YOUR TASK: It is required that the lines from the top of the listing through the line with "하지만 조인이 수행될" be reproduced exactly, excluding pictures.
┌────────
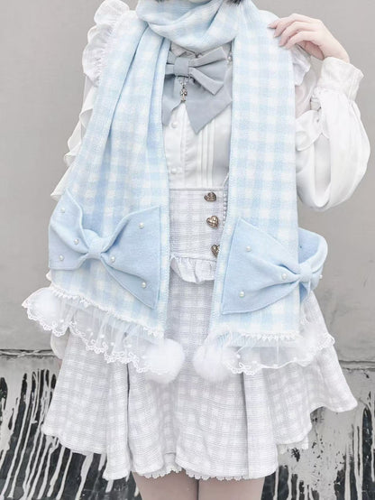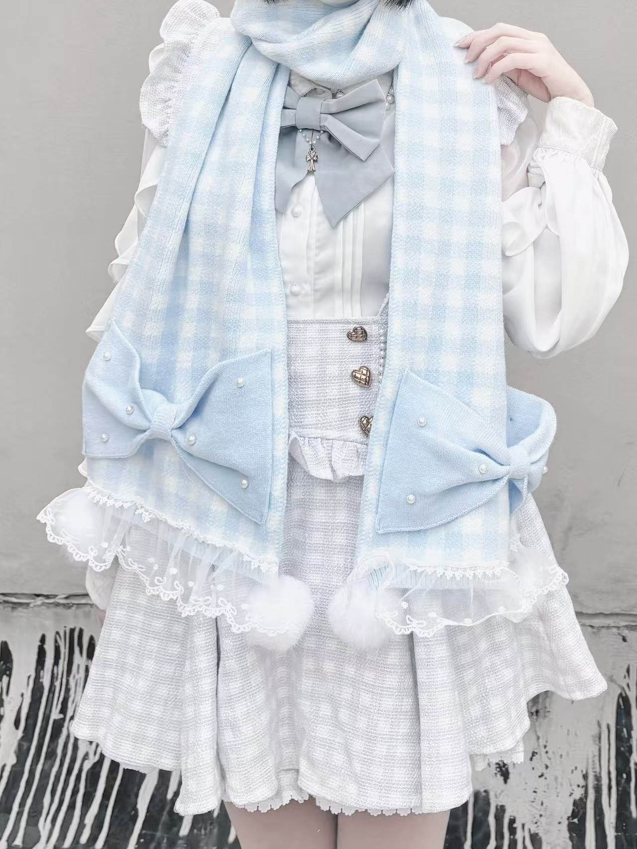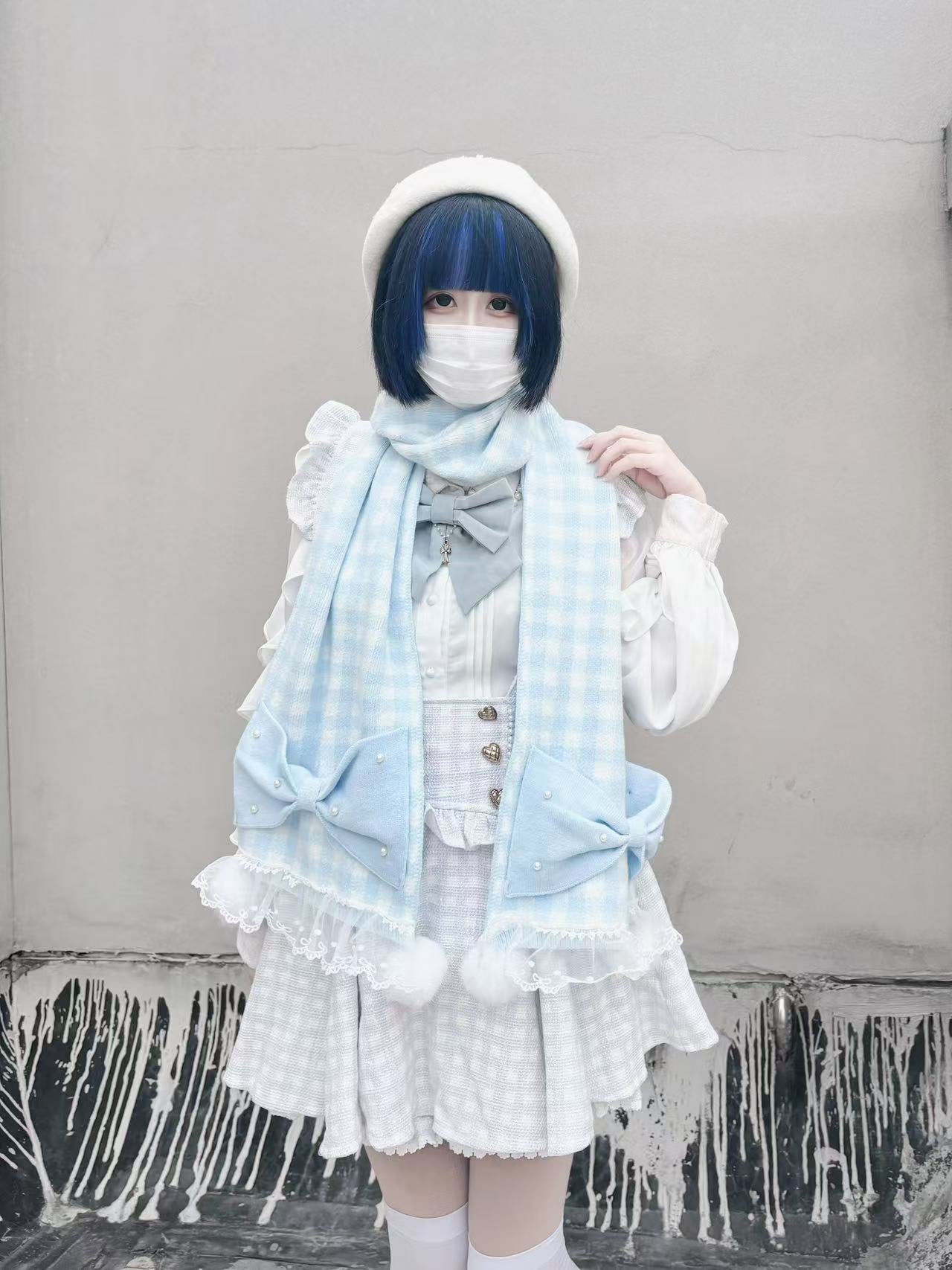 Underground Idol Winter Plaid Pink Blue Black White Scarf Scarves
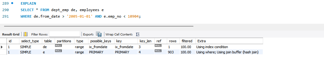하지만 조인이 수행될 때 드리븐 테이블에 검색을 위한 적절한 인덱스가 없다면 MySQL 서버는 블록 네스티드 루프 조인이나 해시 조인을 사용한다. 블록 네스티드 루프 조인이나 해시 조인을 사용하면 MySQL 서버는 조인 버퍼를 사용한다. 실행 계획에서 조인 버퍼가 사용되는 실행 계획의 Extra 컬럼에는 "Using join buffer"라는 메시지가 표시된다.
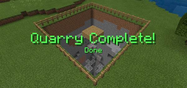Quarries you create will replace stone, dirt, granite, and etc. with air but they will leave all ores for you to mine. Quarries are 6×6×70 blocks in size! They also generate a wooden fence as well give you some scaffolding and an iron pickaxe to move up and down and mine with. On some older devices quarry generation can take up to 30 seconds.
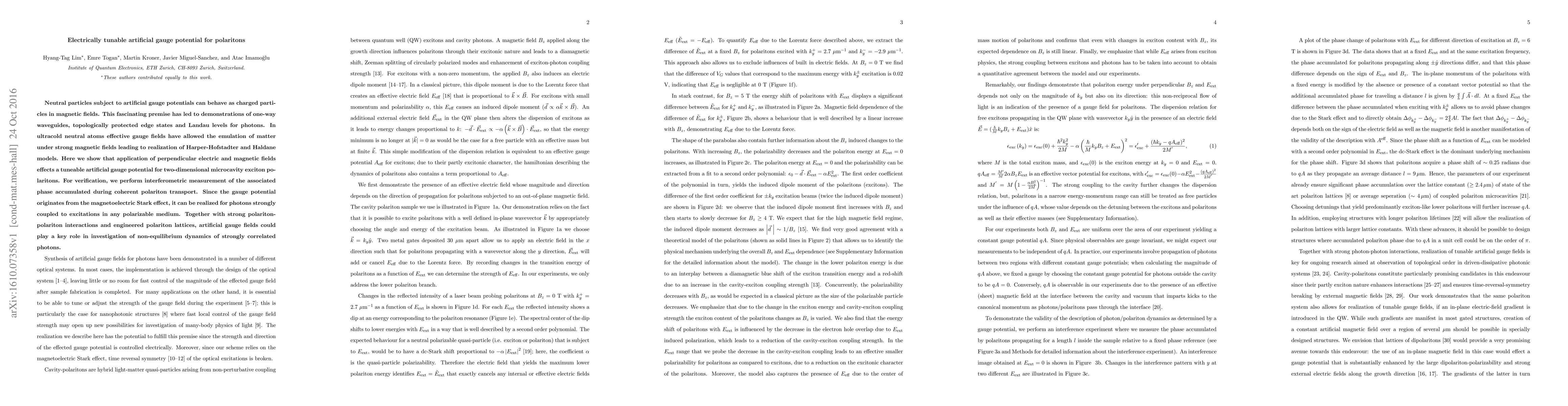 This paper demonstrates electrically tunable artificial gauge potentials for exciton polaritons in microcavities, achieved via perpendicular electric and magnetic fields, enabling coherent transport studies. The gauge potential, originating from the magnetoelectric Stark effect, opens avenues for exploring non-equilibrium dynamics in strongly correlated photons.
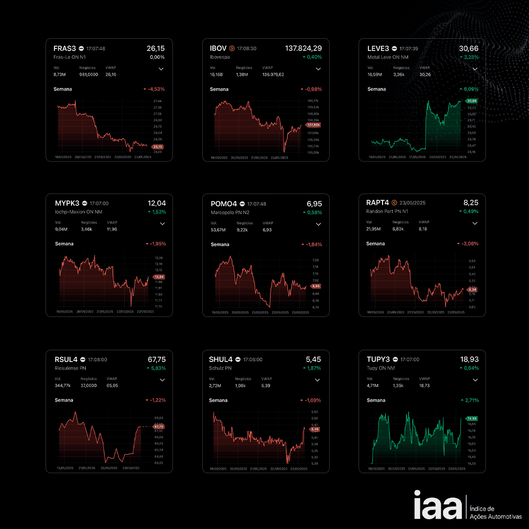 As ações automotivas acompanharam esse movimento e desaceleram e o IAA ficou em -0,61%.
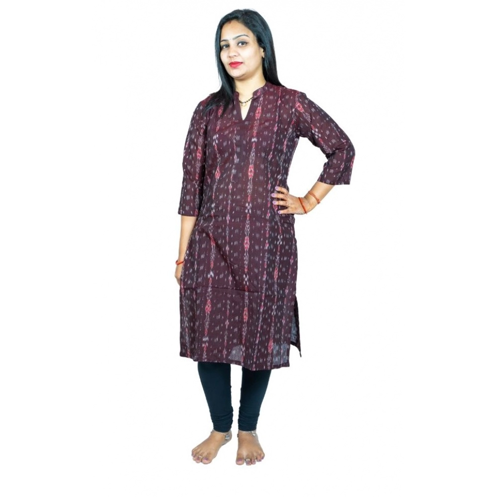 Generic Women’s Sambalpuri Certified Handloom Pure Cotton Straight Kurti (Brown)
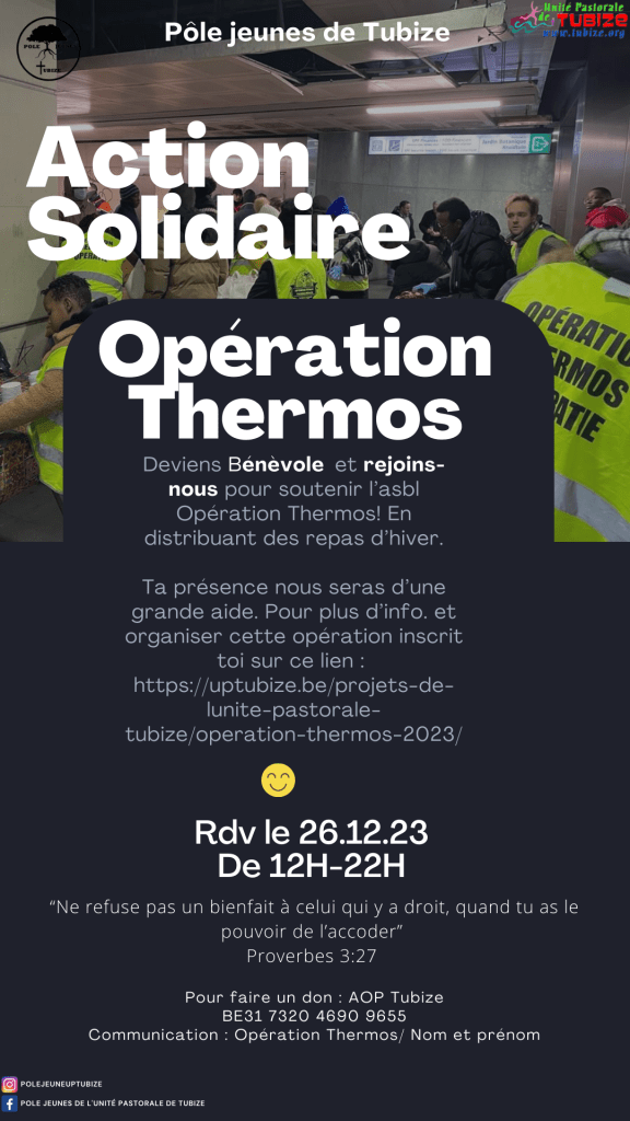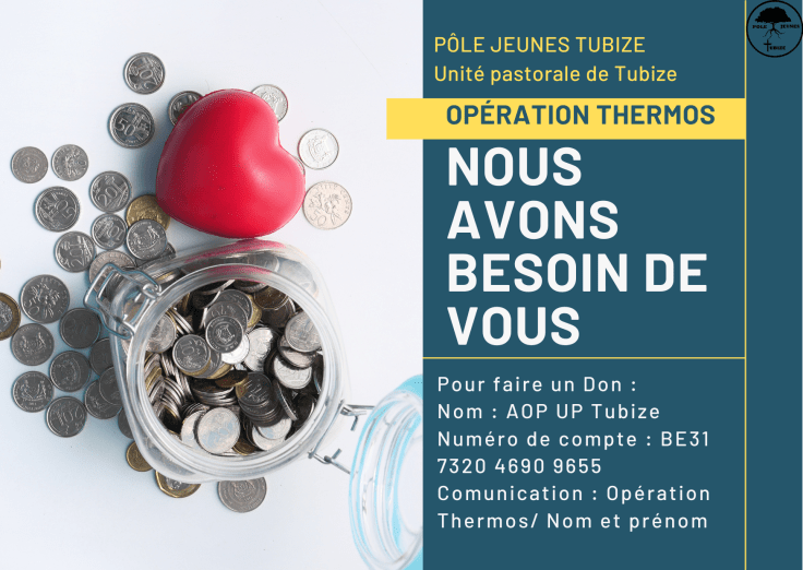 - l’Opération Thermos se réalise dans le cadre du “pôle jeunes de Tubize branche pastorale des vacances” notre objectif principal est de nous rapprocher, d’être à l’écoute et d’offrir notre disponibilité aux personnes dans le besoin durant ce temps de Noël.
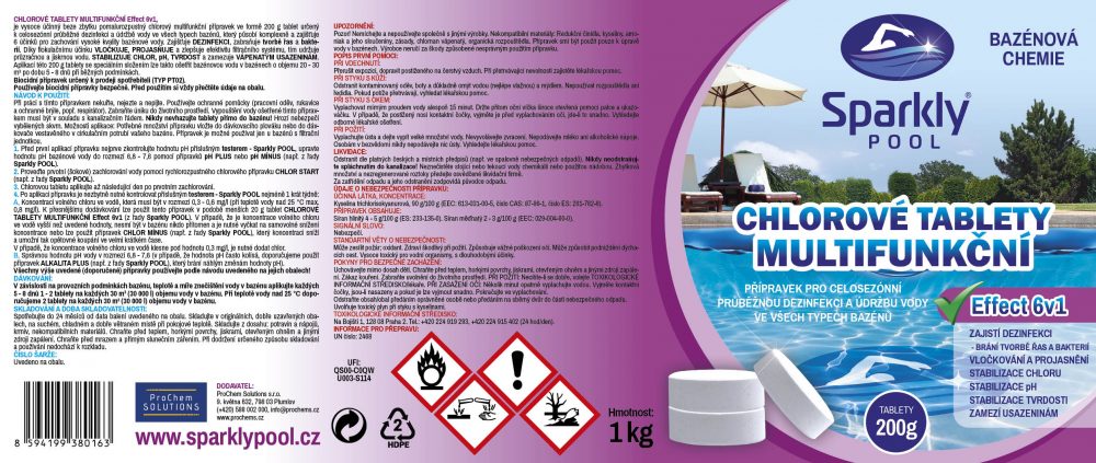 CHLOROVÉ TABLETY MULTIFUNKČNÍ Effect 6v1 MAXI 200 g, je vysoce účinný beze zbytku pomalurozpustný chlorový multifunkční přípravek ve formě 200g tablet určený k celosezónní průběžné dezinfekci a údržbě vody ve všech typech bazénů, který působí komplexně a zajišťuje 6 účinků pro zachování vysoké kvality bazénové vody. Zajišťuje DEZINFEKCI, zabraňuje tvorbě řas a bakterií. Díky flokulačnímu účinku VLOČKUJE, PROJASŇUJE a zlepšuje efektivitu filtračního systému, tím udržuje průzračnou a jiskrnou vodu. STABILIZUJE CHLOR, pH, TVRDOST a zamezuje VÁPENATÝM USAZENINÁM. Aplikací této 200g tablety se speciálním složením lze takto ošetřit bazénovou vodu v bazénech o objemu 20 - 30 m3 po dobu 5 - 8 dnů při běžných podmínkách. DÁVKOVÁNÍ: V závislosti na provozních podmínkách bazénu, teplotě a míře znečištění vody v bazénu aplikujte každých 5 - 8 dnů 1 - 2 tablety na každých 30 m3 (30 000 l) objemu vody v bazénu. Při teplotě vody nad 25 °C doporučujeme 2 tablety na každých 30 m3 (30 000 l) objemu vody v bazénu. Používejte biocidní přípravky bezpečně. Před použitím si vždy přečtěte údaje na obalu. PARAMETRY PRODUKTU Balení - hmotnost/obsah 5 kg Forma přípravku tablety 200 g Možnosti využití dezinfekce, řasy, bakterie UPOZORNĚNÍ: Pozor! Nemíchejte a nepoužívejte společně s jinými výrobky. Nekompatibilní materiály: Redukční činidla, kyseliny, amoniak a jeho sloučeniny, zásady, chlornan vápenatý, organická rozpouštědla. Přípravek smí být použit pouze k úpravě vody v bazénech. Výrobce neručí za škody způsobené nesprávným použitím přípravku. POPIS PRVNÍ POMOCI: PŘI VDECHNUTÍ: Přerušit expozici, dopravit postiženého na čerstvý vzduch. Při přetrvávající nevolnosti zajistěte lékařskou pomoc. PŘI STYKU S KŮŽÍ: Odstranit kontaminovaný oděv, boty a důkladně omýt vodou (nejlépe vlažnou) a mýdlem. Nepoužívat rozpouštědla ani ředidla. Pokud potíže přetrvávají, vyhledat lékařskou pomoc. PŘI STYKU S OKEM: Vyplachovat mírným proudem vody alespoň 15 minut. Držte přitom oční víčka široce otevřená pomocí palce a ukazováčku. V případě, že postižený nosí kontaktní čočky, vyjměte je před vyplachováním očí, jde-li to snadno. Vyhledejte odborné lékařské ošetření. PŘI POŽITÍ: Vyplachujte ústa a dejte vypít velké množství vody. Nevyvolávejte zvracení. Nepodávejte mléko ani alkoholické nápoje. Osobám v bezvědomí nikdy nepodávejte nic ústy. Vyhledejte lékařskou pomoc. LIKVIDACE: Odstranit dle platných českých a místních předpisů (např. ve spalovně nebezpečných odpadů). Nikdy neodstraňujte spláchnutím do kanalizace! Neznečistěte stojící nebo tekoucí vody chemikálií nebo použitou nádobou. Zbytková množství a nezregenerované roztoky předejte osvědčené likvidační firmě. Za zatřídění odpadu a jeho odstranění zodpovídá původce odpadu. ÚDAJE O NEBEZPEČNOSTI PŘÍPRAVKU: SIGNÁLNÍ SLOVO: Nebezpečí. STANDARTNÍ VĚTY O NEBEZPEČNOSTI: Může zesílit požár; oxidant. Zdraví škodlivý při požití. Způsobuje vážné poškození očí. Může způsobit podráždění dýchacích cest. Vysoce toxický pro vodní organismy, s dlouhodobými účinky. POKYNY PRO BEZPEČNÉ ZACHÁZENÍ: Uchovávejte mimo dosah dětí. Chraňte před teplem, horkými povrchy, jiskrami, otevřeným ohněm a jinými zdroji zapálení. Zákaz kouření. Zabraňte uvolnění do životního prostředí. PŘI POŽITÍ: Necítíte-li se dobře, volejte TOXIKOLOGICKÉ INFORMAČNÍ STŘEDISKO/lékaře. PŘI ZASAŽENÍ OČÍ: Několik minut opatrně vyplachujte vodou. Vyjměte kontaktní čočky, jsou-li nasazeny a pokud je lze vyjmout snadno. Pokračujte ve vyplachování. Odstraňte obsah/obal předáním oprávněné osobě nebo předáním na sběrný dvůr do části nebezpečného odpadu. Uvolňuje toxický plyn při styku s kyselinami. TOXIKOLOGICKÉ INFORMAČNÍ STŘEDISKO: Na Bojišti 1, 128 08 Praha 2. Tel.: +420 224 919 293, +420 224 915 402 (24 hod/den). varovné symboly
└────────
SOLUTION BELOW:
 Underground Idol Winter Plaid Pink Blue Black White Scarf Scarves
하지만 조인이 수행될 때 드리븐 테이블에 검색을 위한 적절한 인덱스가 없다면 MySQL 서버는 블록 네스티드 루프 조인이나 해시 조인을 사용한다. 블록 네스티드 루프 조인이나 해시 조인을 사용하면 MySQL 서버는 조인 버퍼를 사용한다. 실행 계획에서 조인 버퍼가 사용되는 실행 계획의 Extra 컬럼에는 "Using join buffer"라는 메시지가 표시된다.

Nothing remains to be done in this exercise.